Barreau president vows to fight federal omnibus crime bill

The Barreau du Quebec’s new president has vowed to lead the fight against the federal government’s omnibus crime bill after taking the helm last weekend.

Nicolas Plourde said the barreau’s general council was unanimous in its support for a court challenge to Bill C-10, the Safe Streets and Communities Act. The bill, which received Royal assent in March, includes new mandatory minimum sentences for various offences, the elimination of conditional sentences for some crimes, and harsher penalties for violent young offenders.

The bill “undermines the independence of the courts and the fundamental principles of our criminal justice system,” Plourde said in a statement.

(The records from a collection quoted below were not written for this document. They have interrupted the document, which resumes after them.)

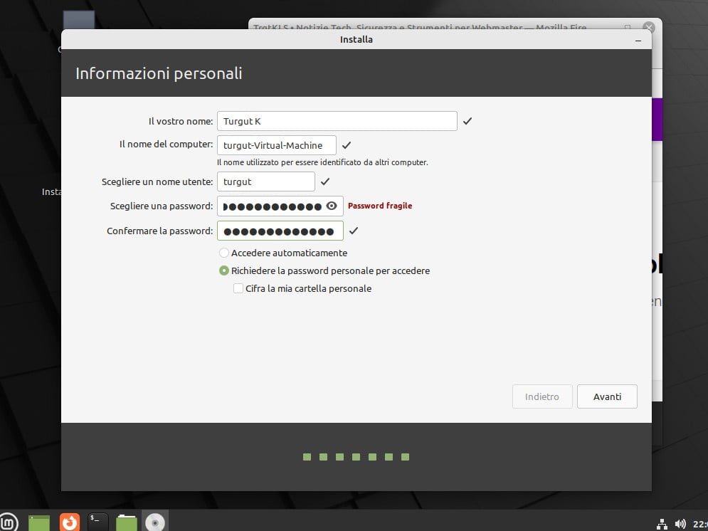 Digitare la password per accedere all'utente, e la password che sarà usato come root durante l'utilizzo del terminale.
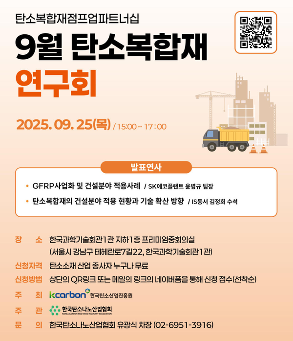 세미나는 탄소소재 산업 종사자라면 누구나 무료로 참여할 수 있으며, 건설 분야에서의 실질적인 적용 경험과 향후 산업 구조 변화를 논의하는 뜻깊은 자리가 될 것으로 기대된다.
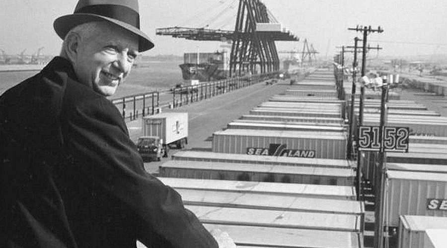 麦克莱恩从做卡车司机起家,很有生意头脑,尤其在节省运输成本上非常有想法,年纪轻轻已经拥有一家运输公司。1940年,美国国内的物流运输已经非常繁荣,到二战结束的时候,麦克莱恩也赚得盆满钵满,他的公司已经成为全美第三大运输公司。他的运输线路主要是美国东线,沿着大西洋。由于高速公路常常一堵好几天,让他苦恼不已。他就思考能否建一个码头,让车直接上船,避开高速公路?后来他想到,船舶如果只运送货车的后半段肯定更划算,那“后半段”下的车轮可不可以也省掉,只运送方形的车厢?这个“车厢”的理念就是后来的集装箱了。
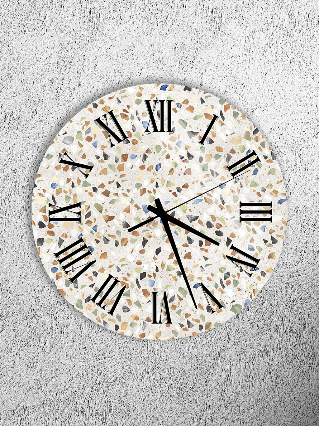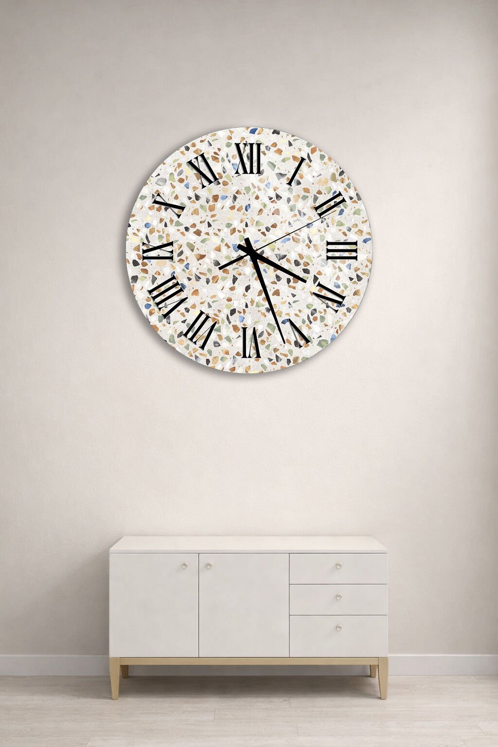 KIRILMAZ CAM DUVAR SAATİ , HEM TABLO HEM SAAT TERRAZZO TAŞ DESENLİ DOĞAL MODERN DEKOR EV OFİS HEDİYESİ
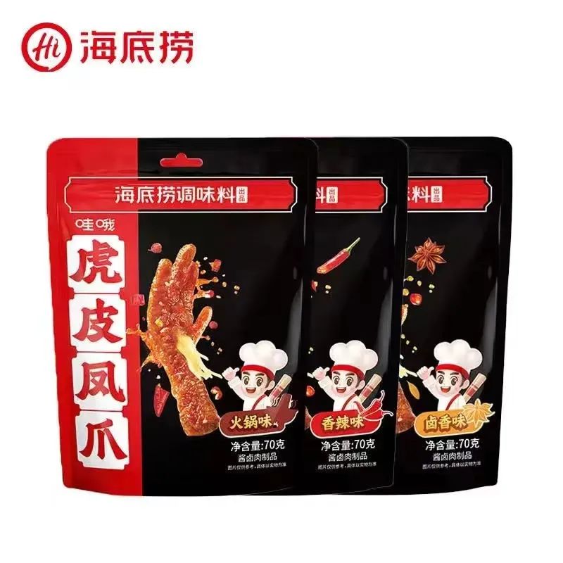 近日,頤海國際旗下,由海底撈調味料出品的零食品牌“哇哦”正籌劃推出新品類:虎皮鳳爪,并于9月25日開始全面鋪貨。據悉,該新品由海底撈核心底料供應商、海底撈兄弟公司頤海國際負責生產與推廣,目前部分平臺已開始有預售通道。首批新品為2支裝,涵蓋火鍋、鹵香、香辣3種口味,而儲備產品不僅包括上述口味的5支裝增強版,亦另外增加了微辣和濃香牛油兩種新口味。
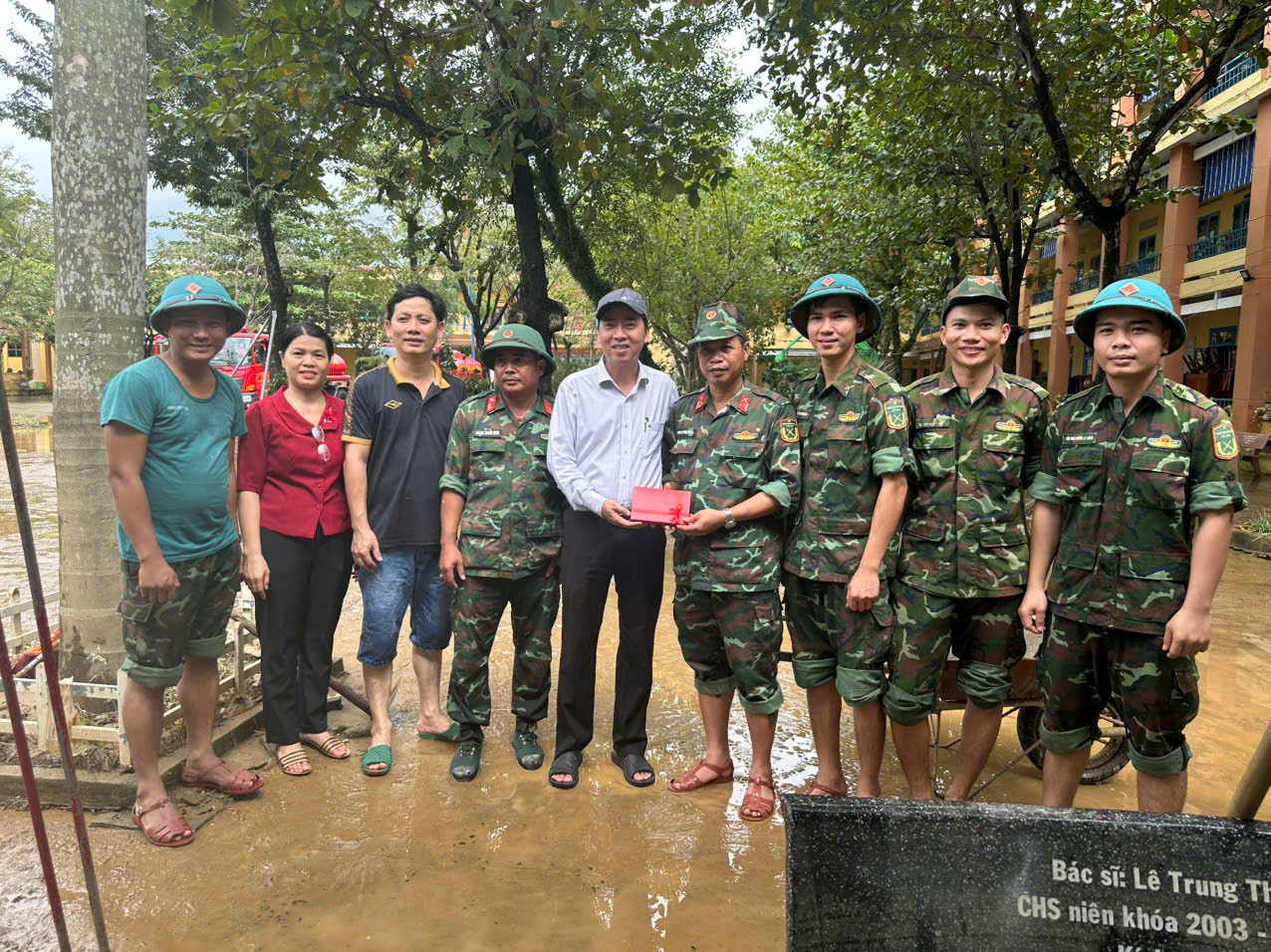 Ngày 31/10/2025, Lãnh đạo Đảng ủy – UBND xã đã đến thăm hỏi, động viên và cảm ơn sự quan tâm hỗ trợ các đơn vị hiệp đồng: Trường Quân sự Quân khu 5, Đoàn Cảnh sát đặc nhiệm số 3 – Bộ công an, Tiểu đoàn Pháo binh 75, Trung Đoàn Bộ binh 971, Vùng 3 Hải quân. Trường Cao đẳng Đại Việt, BCH PTDS khu vực, Đội Cảnh sát PCCC và CNCH khu vực với hơn 500 cán bộ, chiến sĩ tập trung dọn vệ sinh tại các trường học, nhà văn hóa thôn, các di tích đình làng, bia chiến tích bị ngập sâu, bùn đất nhiều, góp phần nhanh chóng ổn định trường lớp, học sinh đến trường và các hoạt động trở lại bình thường tại địa phương.

Plourde, a litigation and financial services partner in the Montreal office of Heenan Blaikie LLP, took over the presidency from Louis Masson on June 9 following a ceremony at the barreau’s annual congress. He previously served as president of the Montreal Bar between 2009 and 2010, and was also president of the Young Bar Association of Montreal between 1997 and 1998.

Plourde also promised a review of the barreau’s compensation fund, which handles claims of misappropriation by lawyers, but does not cover damages resulting from fraud. He intends to raise limits on the fund, which currently caps compensation at $50,000 per claim and $250,000 for all claims involving the same lawyer.

Underfunding of the justice system is another area Plourde plans to focus on during his tenure. Despite recent cash injections by the provincial government, he said justice remained the “poor child of our society.”